At Node A, I measure the amplitude of the square wave at 30-200 KHz and it is 5V, however when I pick up the frequency to 3MHz the amplitude goes down to 50mV and it looks like a triangle rather than a square wave.

Too high a frequency for the components you're using.

How can I keep the signal from loosing shape and amplitude at 3MHz or higher frequencies?

Use better components, it's hard to say if it's the IR LED or the photodiode, and it may well be both?.

I’m thinking maybe a transimpedance amplifier will probably work better since it will amplify the current to voltage rather than just using the voltage at A.

I don't see any relevence at all?.

Not too concerned about the following questions:

At C there is a DC offset and at D, the DC offset if even bigger, can this be solved?

Why should you want to?, it's a single ended driver, pulled up to 5V, it's supposed to be offset from zero - and what difference does it make?.

Also at C & D there is an overshoot when signal goes high and also when goes low, can this be solved?

I wouldn't have thought so, and again, what difference does it make?.

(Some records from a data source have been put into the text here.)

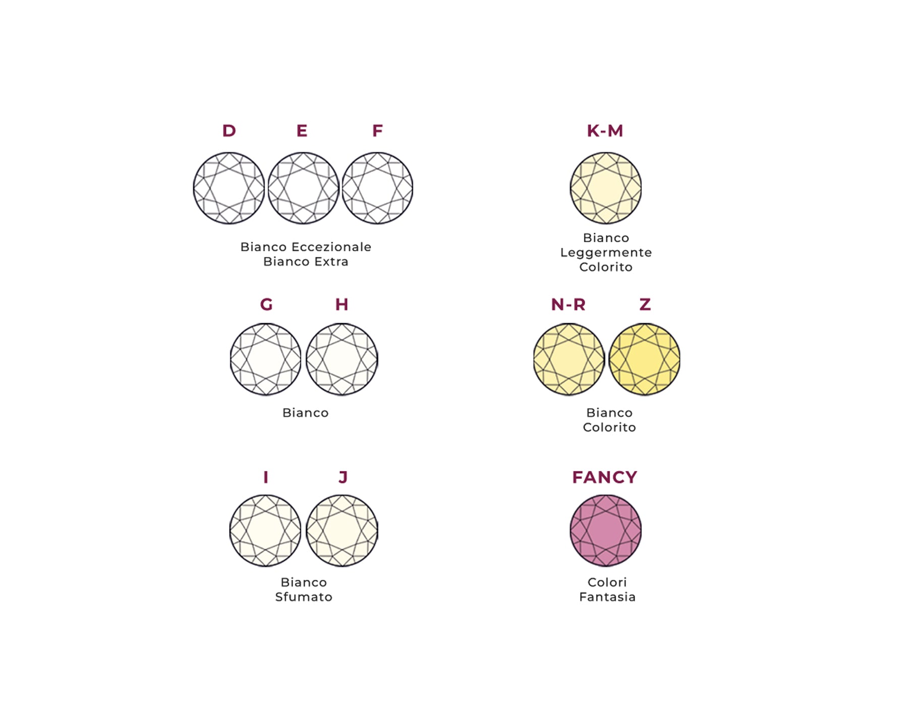 I colori dei diamanti sono classificati secondo una scala che da completamente incolore (D) va progressivamente colorandosi di una sfumatura gialla sempre più marcata (Z+).
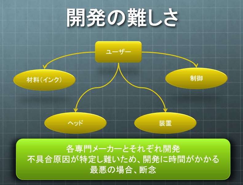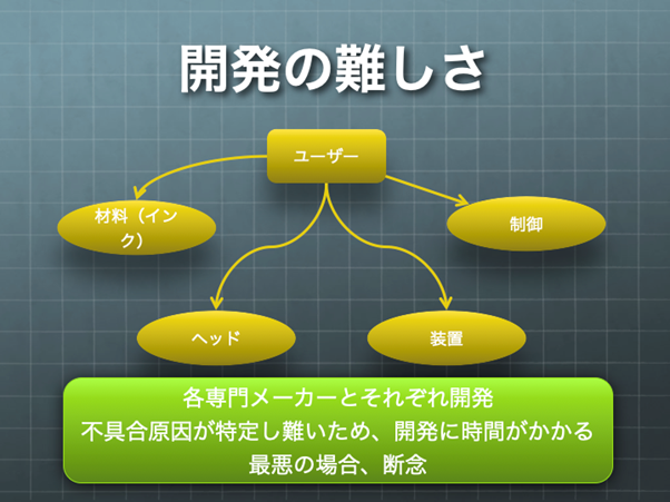 当社が窓口となり、インクやヘッド、装置、制御などの各専門メーカーと開発を進めることで、開発までのリードタイム短縮や開発断念へのリスクヘッジに繋がります。
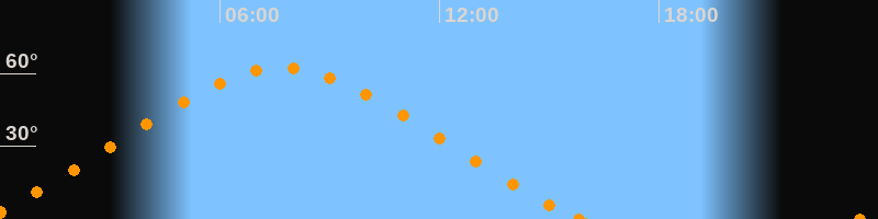 Höchster Stand (Kulmination)07:41 Uhr (h = 62.2°)
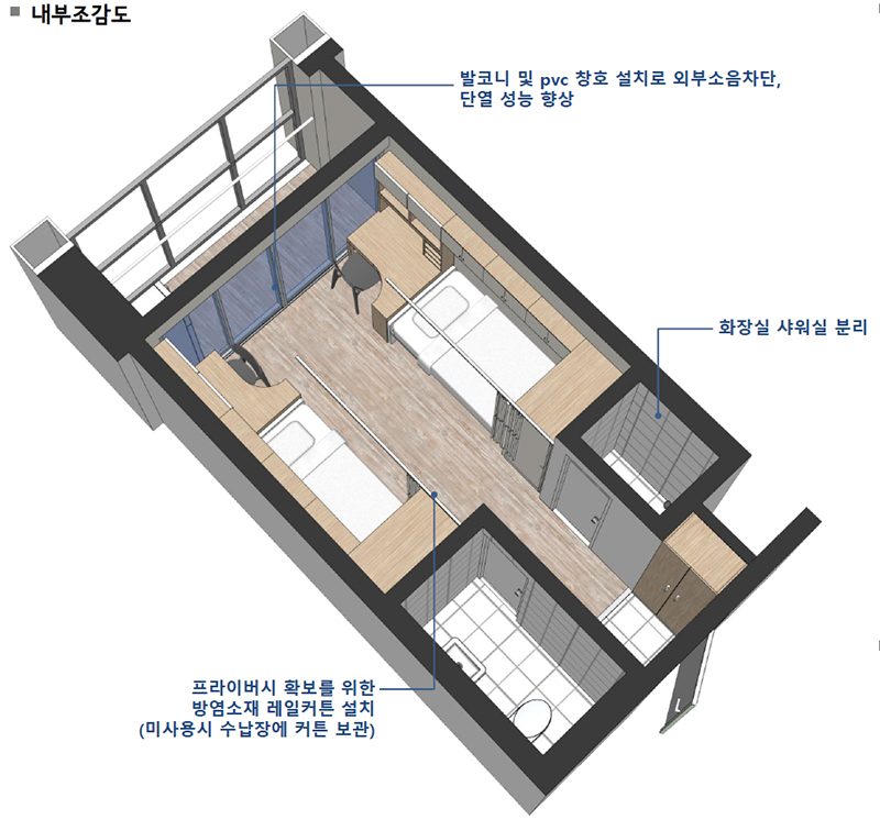 사업규모 : 수용인원 595명 2인 1실(연면적 1만 2,082.65㎡, 지하 3층, 지상 15층)

Note: I'm not using the same voltage comparator and mosfet shown below.
 
Shouldn't the photodiode's polarity be reversed? The way it is shown it is conducting all the time.
With it reversed, it would not conduct and node A would be low until IR radiation makes it leak current and node A would be high.
 
audioguru said:
Shouldn't the photodiode's polarity be reversed? The way it is shown it is conducting all the time.
With it reversed, it would not conduct and node A would be low until IR radiation makes it leak current and node A would be high.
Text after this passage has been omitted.